Restaurant review: The Corner Room, Bethnal Green


Last week saw my birthday come and go, sweeping away any remaining hopes that I was still in my mid-twenties. Next stop the big thirty, grey temples and dodgy knees… Aside from this clear psychological trauma, and probably to ease it, I was lucky enough to receive some lovely presents. Usually my birthday presents are pretty one-dimensional, and my food obsession brings in swathes of cookbooks and random gadgets destined for the back of the drawer. Not this time however, as I was treated to a shiny new ice-cream machine from my gal, and from her mother a secretive lunch had been booked. I was also the recipient of some much needed, and very beautiful new shoes, but this is a food blog and frankly I should stay constant. 



And so the day came for my birthday lunch, and it was revealed as The Corner Room, in the newly renovated Bethnal Green town hall. This was very exciting news, as I had heard rave reviews of what they had done to the building and had been wanting to go look for a while. But I knew little of the restaurant. The town hall is largely renowned as the home of Viajante, the Michelin-starred restaurant of former El-Bulli chef Nuno Mendes. A little research showed that The Corner Room is the less formal sister restaurant, also overlooked by Mendes. The menu was short, the sort that requires a trust and a hope when ordering, but that leaves you in hot anticipation of what is to come. 

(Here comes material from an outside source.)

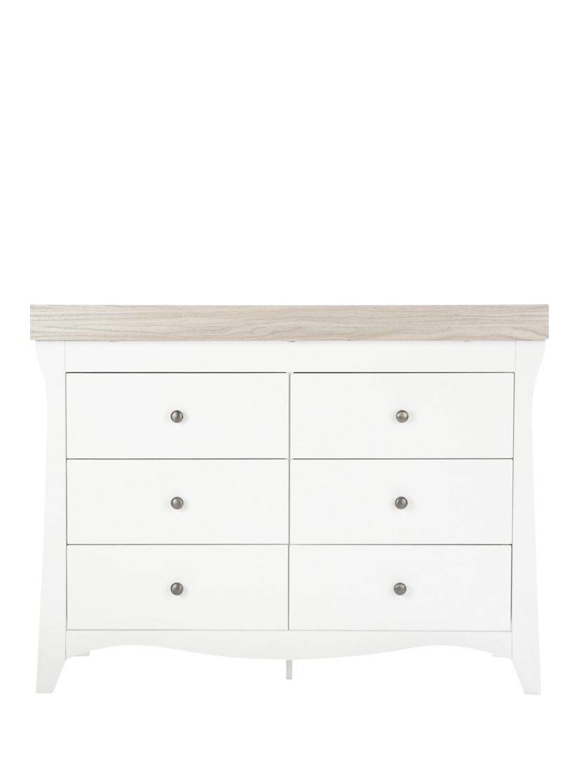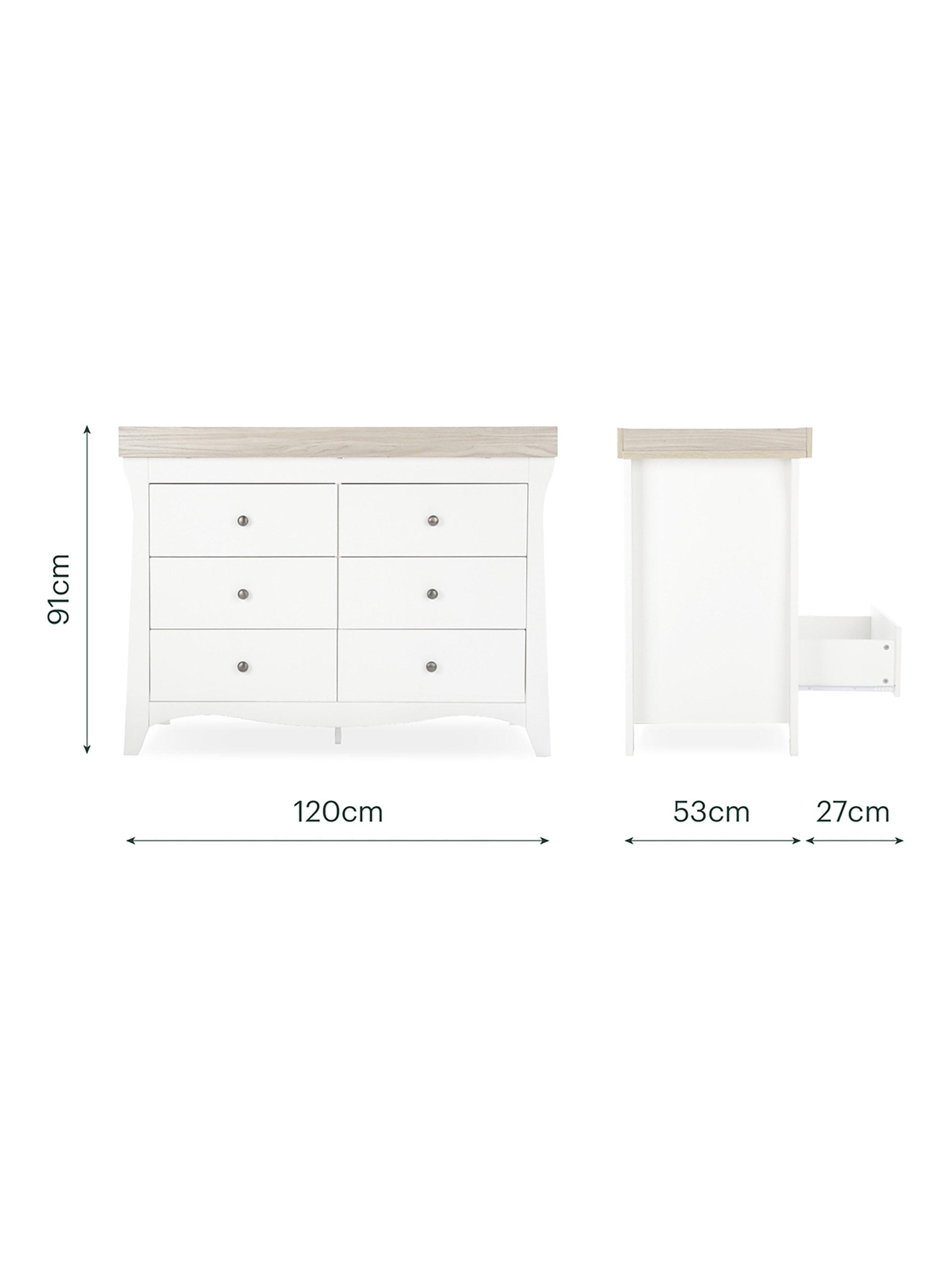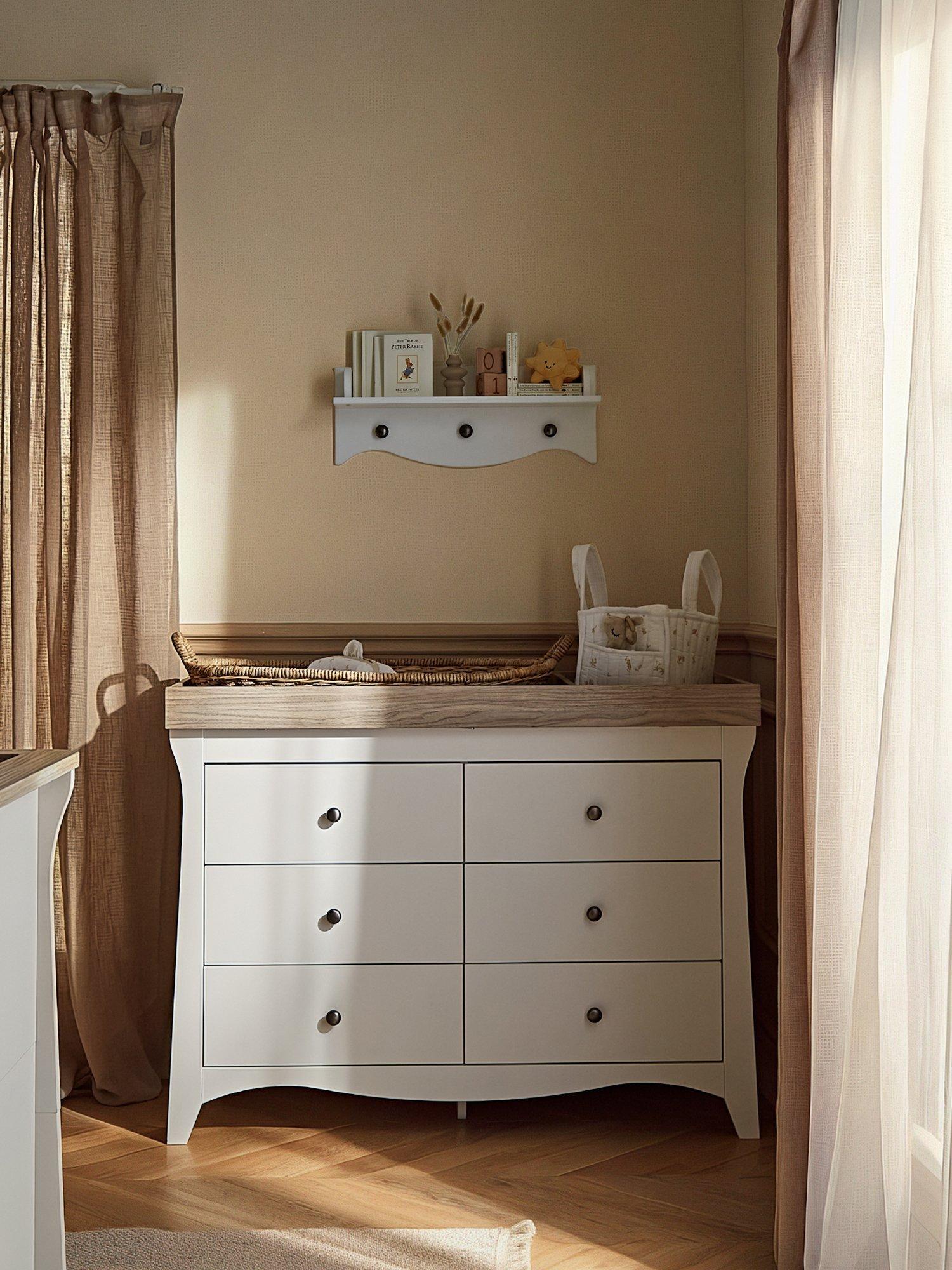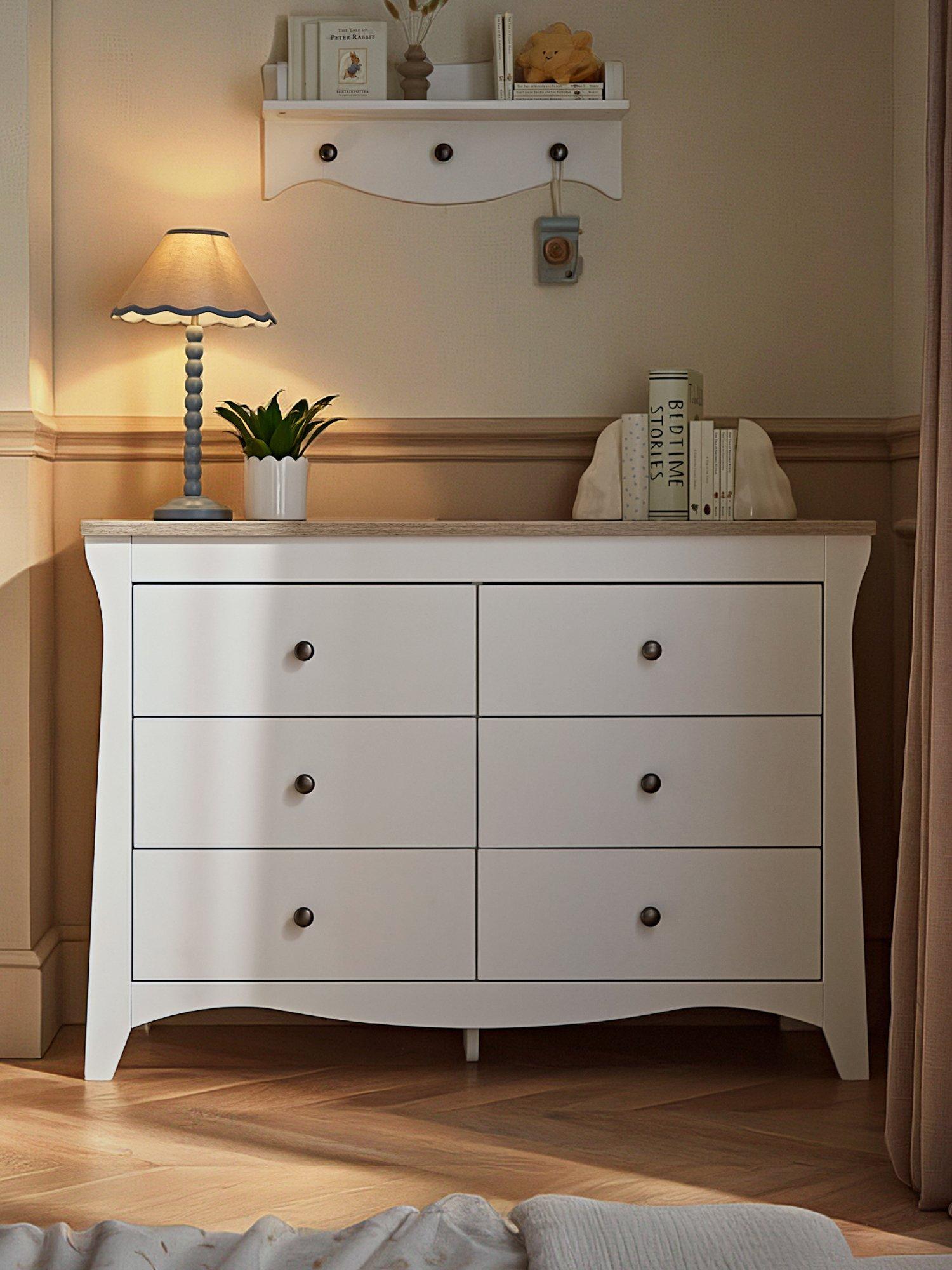 Finished in soft white with warm ash detailing, the Clara 6 Drawer Dresser Changer has a traditional, heritage-inspired design and offers a practical, versatile storage solution for the nursery. Six generously sized drawers with smooth-glide runners provide ample space for nappies, clothing and everyday essentials, while the removable changing top creates a secure changing area in the early months. Once no longer needed, the unit transitions into a standalone dresser designed to remain useful well beyond the baby stage.

A Saturday full of damp misty rain and gloom is not always the best time to be hanging around Bethnal Green. As standard we were umbrellaless. It screams of a short trip to Broadway Market or Brick Lane and a cosy coffee or beer and newspaper. But tucked down a random sideroad was a grand old entrance that opened into warm yellow light and a step into another time. For a casual lunch, it didn’t half make you feel like you were somewhere special. The old utility wooden panels fused with the shiny marble and the quirky ornamental hipster touches. It is just beautiful. 

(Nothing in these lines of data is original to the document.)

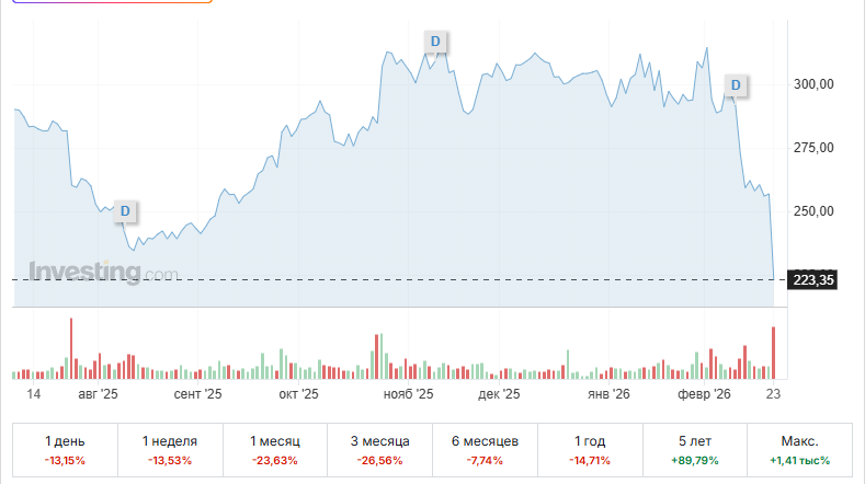 При этом важно отметить, что падение акций произошло не на фоне слабой отчетности или ухудшения операционных показателей. Это реакция на страх — страх того, что технологическая волна AI может перераспределить прибыль внутри отрасли. В подобных ситуациях рынок часто закладывает в цену наихудший сценарий задолго до того, как он станет реальностью.
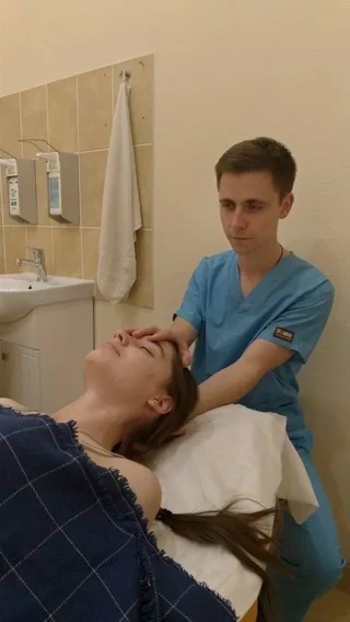 Далее идет краниосакральный массаж. Врач определяет проблемные места, убирает зажимы и напряжения.
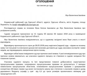 Судове засідання призначене на 11 годину 00 хвилин 06 травня 2018 року в приміщенні Кодимського районного суду Одеської області.
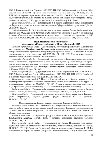 В 2019–2025 гг. авторами проводились флористико-геоботанические исследования на территории Смоленской области, в ходе которых были выявлены местонахождения некоторых редких, нуждающихся в охране и занесённых в региональную Красную книгу (Perechen’…, 2012) видов растений, а также видов с недостаточно изученным распространением и нуждающихся в мониторинге (Reshetnikova et al., 2007).
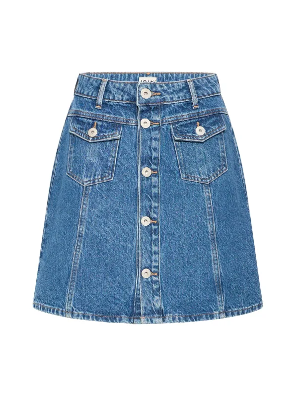 Design: Gevoerde zoom/rand, Knop placket, Opgezette zakken; Type sluiting: Knoopsluiting; Materiaal: Denim; Motief: Effen; Rokvorm: A-lijn rok; Extra's: Contrasterende naden, Label patch/label flag, Gewassen effect, Vaste grip; Lengte: Kort/mini; Pasvorm: Normale pasvorm; Taillehoogte: High waist
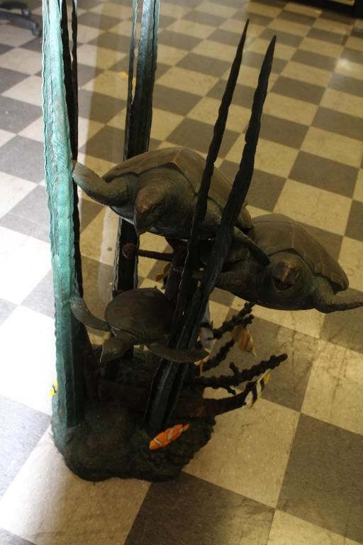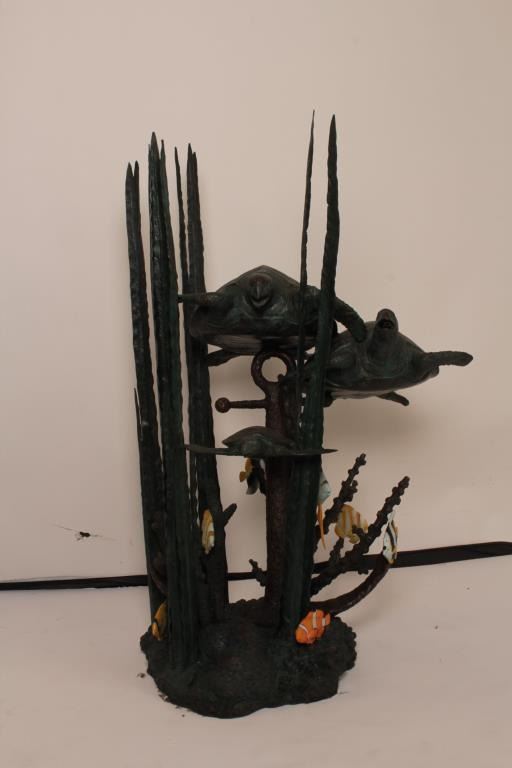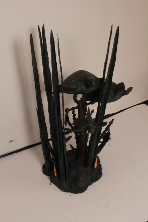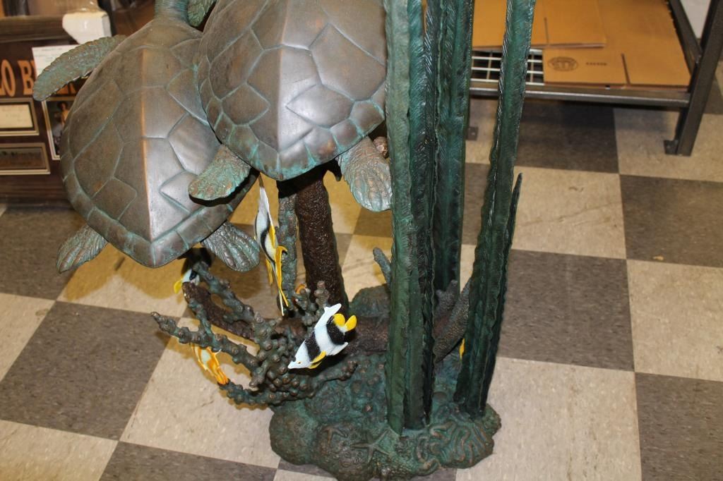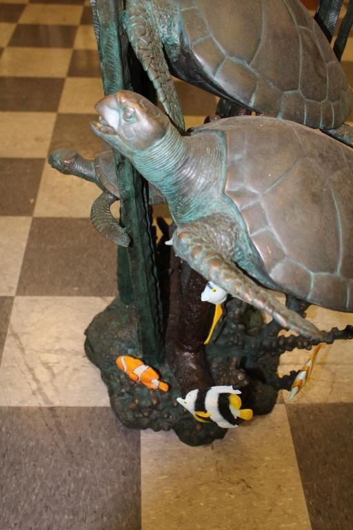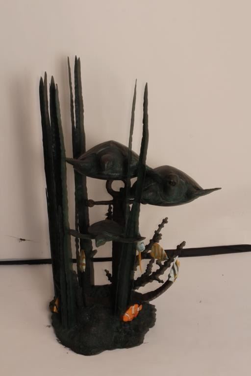 Bronze Sculpture of sea turtles rigged for fountain, Polychrome coloration and bronze patina 43” height by 33”width. A designer piece offered in Dana Point Harbor shop at $4900 on sale, never used. Est:$1500-3000
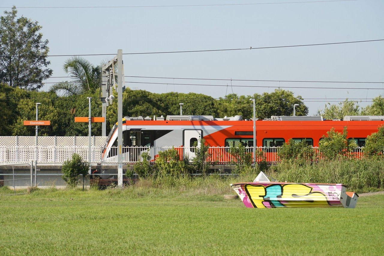 クラレンドン駅の西側には踏切があり、そこから試運転列車が停車している様子を撮影することが可能です。ただし午前中は強い逆光となりやすく、撮影条件はやや厳しめです。

The restaurant is difficult to find, mostly because every centimetre of the décor draws the eye and removes you to state of wide-eyes glaring. Again they had got the balance just right. A small corner room, as implied in the name, sparsely laid out with simple tables and flooded with natural light. And old man with wonky glasses entertained his family in one corner and a couple drank coffee with a farty looking baby. Beautiful modern lights lifted the space, and straight away we were relaxed.

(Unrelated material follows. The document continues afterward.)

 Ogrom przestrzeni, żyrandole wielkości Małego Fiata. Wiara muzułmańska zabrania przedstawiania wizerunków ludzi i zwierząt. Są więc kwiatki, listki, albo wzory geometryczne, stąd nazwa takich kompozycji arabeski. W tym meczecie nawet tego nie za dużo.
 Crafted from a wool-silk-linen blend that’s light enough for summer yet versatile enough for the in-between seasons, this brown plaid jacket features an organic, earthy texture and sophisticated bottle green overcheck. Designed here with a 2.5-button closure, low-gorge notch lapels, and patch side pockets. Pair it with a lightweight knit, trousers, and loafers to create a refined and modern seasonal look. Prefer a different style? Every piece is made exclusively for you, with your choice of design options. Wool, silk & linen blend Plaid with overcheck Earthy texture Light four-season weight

Some incredibly strong negronis and margaritas eased us further before the food arrived. First to arrive was the interesting sounding crispy rice and chicken mayo, which in the flesh were delicate rice cakes and a rich mayonnaise, scattered with what I assume was crispy chicken skin. Like everything else we were to eat, it was subtle, with your mouth popping to new little bits of spice and flavour, and was quickly polished off. The mackerel with ponzu and smoked tomato split us; Katie isn’t much a fan of cold, fish broths whereas again I enjoyed the odd-sounding but harmonious combination. 




I was left speechless at the arrangement of ingredients sitting on my main course plate. It is probably the most beautiful thing I have ever eaten, and tasted every bit as good. I had opted for the Berkshire venison with tarragon and mustard, which was both tangy and soothing at once and packed an extreme amount of flavour. Katie’s Iberico pork was the tenderest piece of pork I have ever eaten, and accompanied by classic tart red cabbage and sweet berries. Although this wasn’t as complex and original in taste, it was just a wonderful piece of cooking.

It was really a silly question being asked if we wanted to view the pudding menu, and despite my love of cheese I wanted to see a dessert at this level. My rhubarb with roasted lactose and ginger was a lovely clean way to finish the meal. The almost chalky milk fizzed and dissolved on the tongue. There wasn’t much of it though, and I would have liked a bit more of the roasted rhubarb alongside the compote and ice cream. Katie’s frozen panna cotta with apple and hazelnuts was again full of interesting textures. Neither of us however could really see much difference or point in freezing a jellified cream when you could just have ice cream.  




I haven’t eaten anything nearly as interesting for a very long time. Although the overall concept of some of the dishes, especially the desserts, seemed to overtake the substance, everything tasted really, really good. That clichéd description of taste buds being taken on journey was made for this meal, and the sort of thing that is difficult to achieve without an awful lot of thought. The value for the level of food is also fantastic, and to eat it in such a setting was a joy.